DISCOURS DU CÉLÈBRE PEINTRE ET THÉORICIEN DE L'ART CALVINISTE


PUBLIÉ DANS LA REVUE FOI ET VIE

Quelques mots d'introduction

Propre à tout discours celui tenu par Eugène Burnand présentera de l'intérêt pour qui s’intéresse à son auteur ou
au sujet traité : l'art et la Foi. Cependant nous avons été frappé qu'il ne proposât pas une réflexion abstraite et sèche,
mais un appel ; dont l'accent est étonnamment pertinent, exactement cent ans plus tard. Et d'autres mouvements du
discours rejoignent, sans qu'il en paraisse, bien des vérités profondes.

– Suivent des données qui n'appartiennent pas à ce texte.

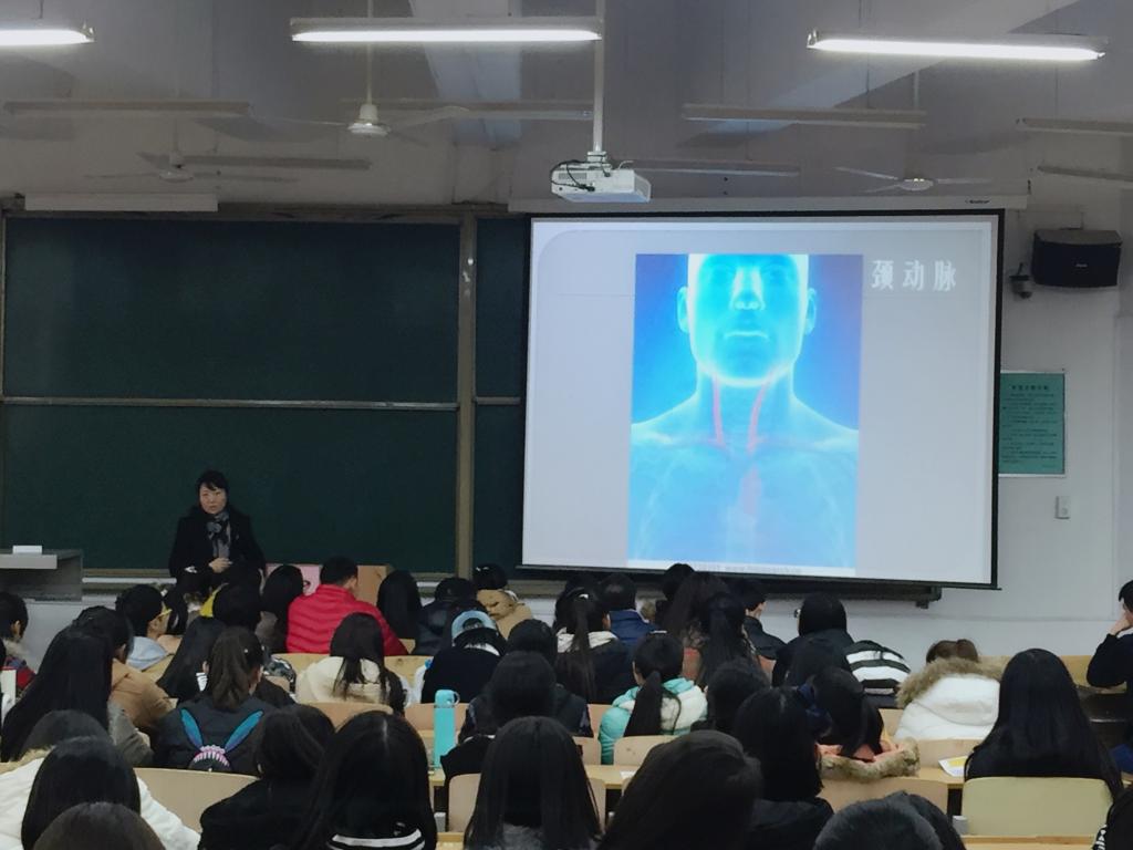 讲座分为两部分。上半场,刘院长通过图片展示,深入浅出的向同学们讲解了人体的基本构造,并通过理论联系实际案例、讲解配合现场演示的形式,围绕创伤、气管异物、心肺复苏等关键词,图文并茂、生动形象的向学生们讲授了相关急救知识,着重介绍了现场救护的步骤和急救的主要技术和突遇紧急情况因如何呼救。随后刘院长为同学们总结出“争分夺秒,就地抢救,沉着果断,坚持不懈,先救后送,急救与呼救并重”的急救原则,言简意赅,让同学们都能在短时间内领悟掌握。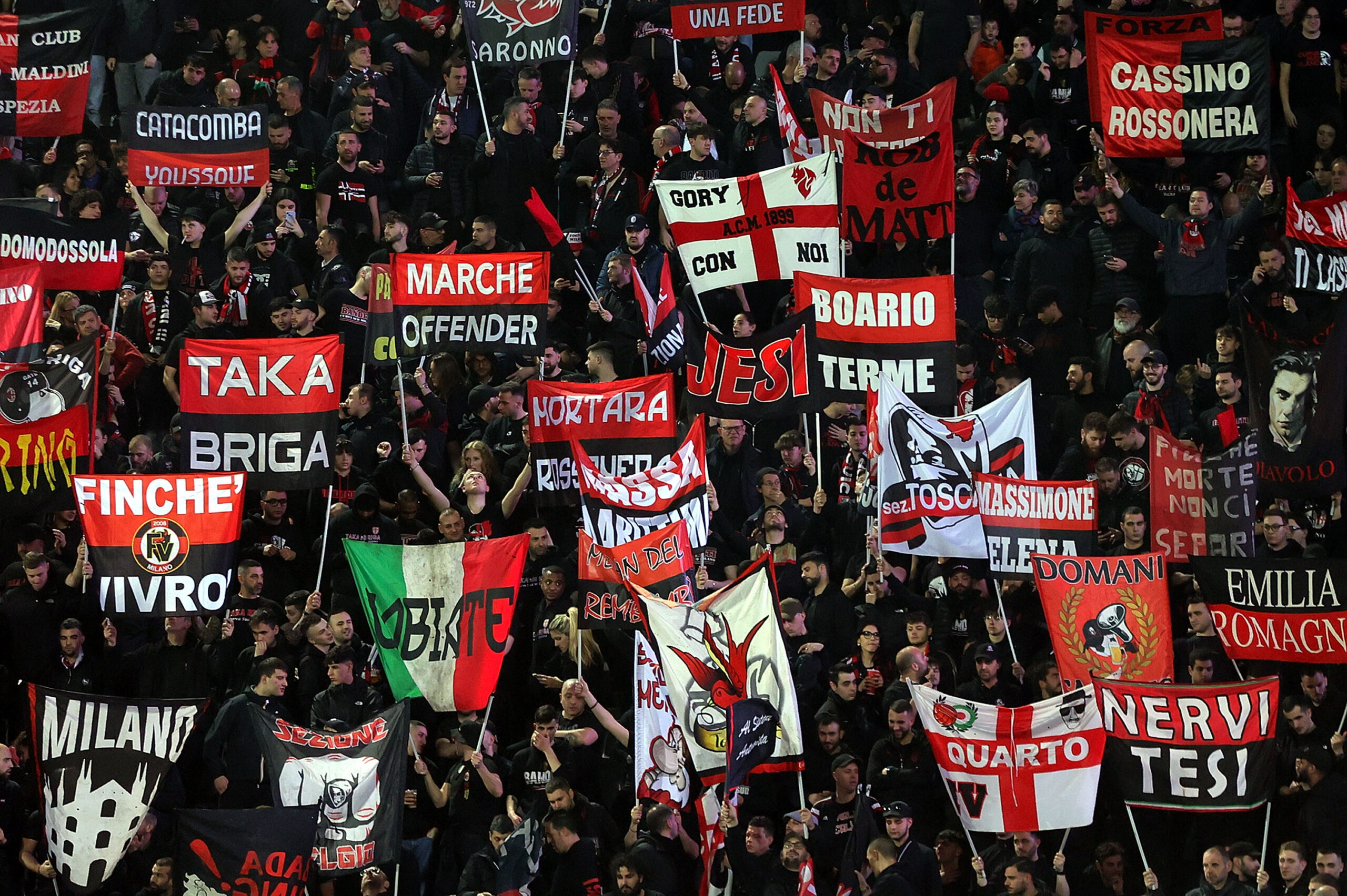 FLORENCE, ITALY - MARCH 30: Fans of AC Milan during the Serie A TIM match between ACF Fiorentina and AC Milan - Serie A TIM at Stadio Artemio Franchi on March 30, 2024 in Florence, Italy.(Photo by Gabriele Maltinti/Getty Images)

1. Eugène Burnand conclu son discours par un appel lancé à la face du monde qui pourrait avoir été voulu comme
une illustration de Saint Paul : Mortui estis, et vita vestra est abscondita cum Christo in. Deo - si on le traduit ainsi :
notre vie c'est désormais est celle qui est cachée dans le Christ en Dieu.
[…] demain l'humble besogne reprendra, sans témoin, sans mise en scène, sous le regard de Dieu seul. Or, les
hommes d'aujourd'hui n'aiment plus guère l'activité cachée. Le devoir qui ne fructifie pas en résultats bien apparents,
immédiats et tangibles n'attire guère la jeunesse, pas plus d'ailleurs qu'il ne retient l'âge mûr. Le mot d'ordre, c'est «
arriver », paraître, se mettre en évidence, se développer en surface, en hauteur plus qu'en profondeur.
[...] Le monde a besoin que sur des points aussi nombreux que possible s'exercent des activités silencieuses ; que
des vertus germent en secret ; que des racines profondes poussent dans le sol des réalités durables. Tout l'édifice social
en sera consolidé. [...]Il n'y a pas de service fécond possible, sans préparation intérieure intense. Or cette préparation
intérieure est incompatible avec le besoin de paraître et avec la mondanité.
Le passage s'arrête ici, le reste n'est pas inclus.